*** Opening of Data records ***

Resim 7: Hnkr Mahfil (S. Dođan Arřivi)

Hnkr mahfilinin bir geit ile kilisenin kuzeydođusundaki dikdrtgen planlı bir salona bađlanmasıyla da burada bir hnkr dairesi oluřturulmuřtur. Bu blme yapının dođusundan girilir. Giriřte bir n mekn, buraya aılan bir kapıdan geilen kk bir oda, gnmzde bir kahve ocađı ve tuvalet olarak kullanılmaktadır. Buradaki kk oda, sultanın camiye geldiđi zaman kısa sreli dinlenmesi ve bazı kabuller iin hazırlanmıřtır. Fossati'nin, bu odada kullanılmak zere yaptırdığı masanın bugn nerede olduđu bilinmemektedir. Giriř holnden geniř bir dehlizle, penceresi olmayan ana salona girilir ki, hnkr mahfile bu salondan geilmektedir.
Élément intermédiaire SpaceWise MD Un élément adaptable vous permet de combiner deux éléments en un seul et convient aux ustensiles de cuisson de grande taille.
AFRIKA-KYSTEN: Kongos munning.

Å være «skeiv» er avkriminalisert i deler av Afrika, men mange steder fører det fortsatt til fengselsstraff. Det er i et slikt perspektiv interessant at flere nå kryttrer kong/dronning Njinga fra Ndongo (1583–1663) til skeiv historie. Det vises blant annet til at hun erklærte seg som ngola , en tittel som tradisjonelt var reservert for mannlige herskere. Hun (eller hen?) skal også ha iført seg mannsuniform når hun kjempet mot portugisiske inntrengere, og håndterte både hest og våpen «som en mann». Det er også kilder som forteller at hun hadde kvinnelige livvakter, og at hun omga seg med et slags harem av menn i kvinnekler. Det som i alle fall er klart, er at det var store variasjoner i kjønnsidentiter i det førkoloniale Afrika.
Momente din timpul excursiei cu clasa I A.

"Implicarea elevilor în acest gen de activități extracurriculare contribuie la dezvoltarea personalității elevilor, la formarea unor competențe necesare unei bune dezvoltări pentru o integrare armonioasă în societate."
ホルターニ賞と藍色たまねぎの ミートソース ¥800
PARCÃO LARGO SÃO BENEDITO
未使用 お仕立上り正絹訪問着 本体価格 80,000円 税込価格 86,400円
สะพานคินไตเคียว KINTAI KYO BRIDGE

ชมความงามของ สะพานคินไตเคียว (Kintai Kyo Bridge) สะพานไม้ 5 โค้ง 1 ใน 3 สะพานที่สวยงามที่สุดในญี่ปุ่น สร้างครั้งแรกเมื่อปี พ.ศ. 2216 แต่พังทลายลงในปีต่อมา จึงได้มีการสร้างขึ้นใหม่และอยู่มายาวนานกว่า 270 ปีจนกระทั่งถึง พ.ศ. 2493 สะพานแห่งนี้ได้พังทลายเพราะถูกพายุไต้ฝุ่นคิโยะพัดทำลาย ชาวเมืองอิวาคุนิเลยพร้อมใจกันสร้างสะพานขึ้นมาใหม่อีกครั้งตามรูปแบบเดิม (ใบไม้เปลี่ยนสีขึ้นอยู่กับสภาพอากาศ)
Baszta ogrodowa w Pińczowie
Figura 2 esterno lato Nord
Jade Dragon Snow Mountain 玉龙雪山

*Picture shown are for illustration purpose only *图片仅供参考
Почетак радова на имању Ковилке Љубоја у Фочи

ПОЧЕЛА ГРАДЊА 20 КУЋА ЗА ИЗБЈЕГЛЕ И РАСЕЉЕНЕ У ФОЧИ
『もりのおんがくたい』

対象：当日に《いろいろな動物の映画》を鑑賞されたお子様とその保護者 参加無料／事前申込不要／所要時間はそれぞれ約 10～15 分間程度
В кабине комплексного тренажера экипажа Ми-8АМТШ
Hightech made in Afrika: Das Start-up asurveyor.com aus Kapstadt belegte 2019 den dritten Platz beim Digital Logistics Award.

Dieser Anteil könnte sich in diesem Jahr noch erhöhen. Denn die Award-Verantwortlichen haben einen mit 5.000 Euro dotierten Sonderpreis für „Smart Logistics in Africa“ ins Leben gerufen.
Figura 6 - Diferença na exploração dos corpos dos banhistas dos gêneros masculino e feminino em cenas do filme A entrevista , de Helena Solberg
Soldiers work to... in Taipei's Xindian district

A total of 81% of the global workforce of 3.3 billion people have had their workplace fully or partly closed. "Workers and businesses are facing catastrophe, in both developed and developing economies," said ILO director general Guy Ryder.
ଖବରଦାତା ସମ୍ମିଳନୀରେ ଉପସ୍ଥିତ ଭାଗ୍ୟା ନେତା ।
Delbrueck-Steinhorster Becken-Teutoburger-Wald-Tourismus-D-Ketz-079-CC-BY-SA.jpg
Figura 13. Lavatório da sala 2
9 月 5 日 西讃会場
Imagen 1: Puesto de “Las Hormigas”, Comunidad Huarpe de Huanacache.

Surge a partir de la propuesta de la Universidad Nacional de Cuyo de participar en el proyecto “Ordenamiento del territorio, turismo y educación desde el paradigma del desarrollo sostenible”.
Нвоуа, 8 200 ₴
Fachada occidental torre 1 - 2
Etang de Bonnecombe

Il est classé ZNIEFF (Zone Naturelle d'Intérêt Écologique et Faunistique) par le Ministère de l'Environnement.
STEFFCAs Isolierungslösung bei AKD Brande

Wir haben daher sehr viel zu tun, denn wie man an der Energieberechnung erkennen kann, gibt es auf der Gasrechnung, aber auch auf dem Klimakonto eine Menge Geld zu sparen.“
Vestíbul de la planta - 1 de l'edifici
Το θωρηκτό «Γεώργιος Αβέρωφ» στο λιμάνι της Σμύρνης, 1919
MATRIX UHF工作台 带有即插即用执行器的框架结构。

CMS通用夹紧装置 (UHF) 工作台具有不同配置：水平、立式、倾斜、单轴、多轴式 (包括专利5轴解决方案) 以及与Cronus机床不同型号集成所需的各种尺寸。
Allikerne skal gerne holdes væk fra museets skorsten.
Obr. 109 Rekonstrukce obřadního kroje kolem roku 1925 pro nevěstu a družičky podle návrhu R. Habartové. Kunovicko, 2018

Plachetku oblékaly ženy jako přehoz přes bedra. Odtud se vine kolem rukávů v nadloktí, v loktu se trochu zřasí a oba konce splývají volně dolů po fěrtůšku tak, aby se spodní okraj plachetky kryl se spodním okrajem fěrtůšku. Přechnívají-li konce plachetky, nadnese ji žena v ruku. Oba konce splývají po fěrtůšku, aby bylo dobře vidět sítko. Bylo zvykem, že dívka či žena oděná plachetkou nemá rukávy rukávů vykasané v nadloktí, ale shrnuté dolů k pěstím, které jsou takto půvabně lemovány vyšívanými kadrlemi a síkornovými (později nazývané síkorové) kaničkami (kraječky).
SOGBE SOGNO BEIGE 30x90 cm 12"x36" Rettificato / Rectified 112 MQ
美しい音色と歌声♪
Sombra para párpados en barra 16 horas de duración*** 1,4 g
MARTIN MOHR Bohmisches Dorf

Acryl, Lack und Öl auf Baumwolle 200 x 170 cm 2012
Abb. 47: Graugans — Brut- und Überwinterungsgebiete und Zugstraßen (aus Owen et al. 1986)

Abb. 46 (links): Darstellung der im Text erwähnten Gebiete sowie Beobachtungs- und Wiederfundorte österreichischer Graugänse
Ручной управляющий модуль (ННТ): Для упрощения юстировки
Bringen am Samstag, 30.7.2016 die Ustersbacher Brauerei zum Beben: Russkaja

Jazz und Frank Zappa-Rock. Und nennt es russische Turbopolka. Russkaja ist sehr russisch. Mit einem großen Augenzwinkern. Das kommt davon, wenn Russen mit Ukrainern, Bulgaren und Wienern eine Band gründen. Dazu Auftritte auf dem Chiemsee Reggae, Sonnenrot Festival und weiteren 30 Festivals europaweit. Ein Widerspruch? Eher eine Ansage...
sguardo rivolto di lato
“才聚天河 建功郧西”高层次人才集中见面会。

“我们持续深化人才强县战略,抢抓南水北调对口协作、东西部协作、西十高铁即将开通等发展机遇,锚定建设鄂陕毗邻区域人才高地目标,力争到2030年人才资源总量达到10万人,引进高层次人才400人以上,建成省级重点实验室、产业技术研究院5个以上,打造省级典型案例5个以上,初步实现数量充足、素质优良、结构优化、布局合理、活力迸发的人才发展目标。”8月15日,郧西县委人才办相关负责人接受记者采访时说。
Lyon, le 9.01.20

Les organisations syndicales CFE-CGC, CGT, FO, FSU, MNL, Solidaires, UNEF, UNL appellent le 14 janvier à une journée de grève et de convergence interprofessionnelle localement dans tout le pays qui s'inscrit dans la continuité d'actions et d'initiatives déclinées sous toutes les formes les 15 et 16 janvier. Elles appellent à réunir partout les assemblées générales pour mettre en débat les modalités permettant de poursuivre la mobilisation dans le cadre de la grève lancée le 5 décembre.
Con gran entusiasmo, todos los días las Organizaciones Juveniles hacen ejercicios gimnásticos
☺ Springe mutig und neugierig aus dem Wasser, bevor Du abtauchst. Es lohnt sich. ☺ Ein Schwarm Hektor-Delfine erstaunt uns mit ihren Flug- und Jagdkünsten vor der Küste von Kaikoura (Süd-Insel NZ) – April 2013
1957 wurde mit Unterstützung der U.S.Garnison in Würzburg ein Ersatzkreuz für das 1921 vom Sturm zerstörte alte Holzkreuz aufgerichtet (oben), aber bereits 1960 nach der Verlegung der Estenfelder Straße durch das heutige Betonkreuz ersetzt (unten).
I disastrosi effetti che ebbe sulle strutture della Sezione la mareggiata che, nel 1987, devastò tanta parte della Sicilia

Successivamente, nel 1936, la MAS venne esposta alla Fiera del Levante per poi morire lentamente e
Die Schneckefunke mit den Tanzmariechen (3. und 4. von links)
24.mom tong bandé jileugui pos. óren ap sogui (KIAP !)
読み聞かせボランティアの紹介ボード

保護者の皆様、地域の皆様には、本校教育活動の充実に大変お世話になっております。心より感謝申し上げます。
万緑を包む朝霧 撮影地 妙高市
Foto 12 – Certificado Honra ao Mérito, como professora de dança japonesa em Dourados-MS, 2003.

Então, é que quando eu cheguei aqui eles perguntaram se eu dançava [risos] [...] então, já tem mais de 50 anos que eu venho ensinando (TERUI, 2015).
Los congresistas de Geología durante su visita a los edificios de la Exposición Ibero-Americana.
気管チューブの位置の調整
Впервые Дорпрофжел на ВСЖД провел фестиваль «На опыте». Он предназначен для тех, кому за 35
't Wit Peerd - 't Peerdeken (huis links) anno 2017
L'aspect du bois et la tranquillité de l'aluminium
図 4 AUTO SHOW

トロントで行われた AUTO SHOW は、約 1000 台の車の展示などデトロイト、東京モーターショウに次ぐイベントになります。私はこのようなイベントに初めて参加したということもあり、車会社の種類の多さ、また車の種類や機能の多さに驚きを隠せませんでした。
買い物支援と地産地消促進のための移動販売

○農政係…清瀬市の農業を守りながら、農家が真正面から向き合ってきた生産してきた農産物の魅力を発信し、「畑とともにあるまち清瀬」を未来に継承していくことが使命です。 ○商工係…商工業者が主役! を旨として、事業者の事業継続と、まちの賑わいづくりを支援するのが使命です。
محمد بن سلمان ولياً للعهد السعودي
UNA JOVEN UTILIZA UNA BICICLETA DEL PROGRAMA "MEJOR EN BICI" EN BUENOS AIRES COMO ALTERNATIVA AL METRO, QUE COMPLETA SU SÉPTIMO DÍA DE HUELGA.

*** Close of Data records ***

### Problem
The answer should be all lines from the entries above that hold the word "lato".

### Task solution
Figura 2 esterno lato Nord
sguardo rivolto di lato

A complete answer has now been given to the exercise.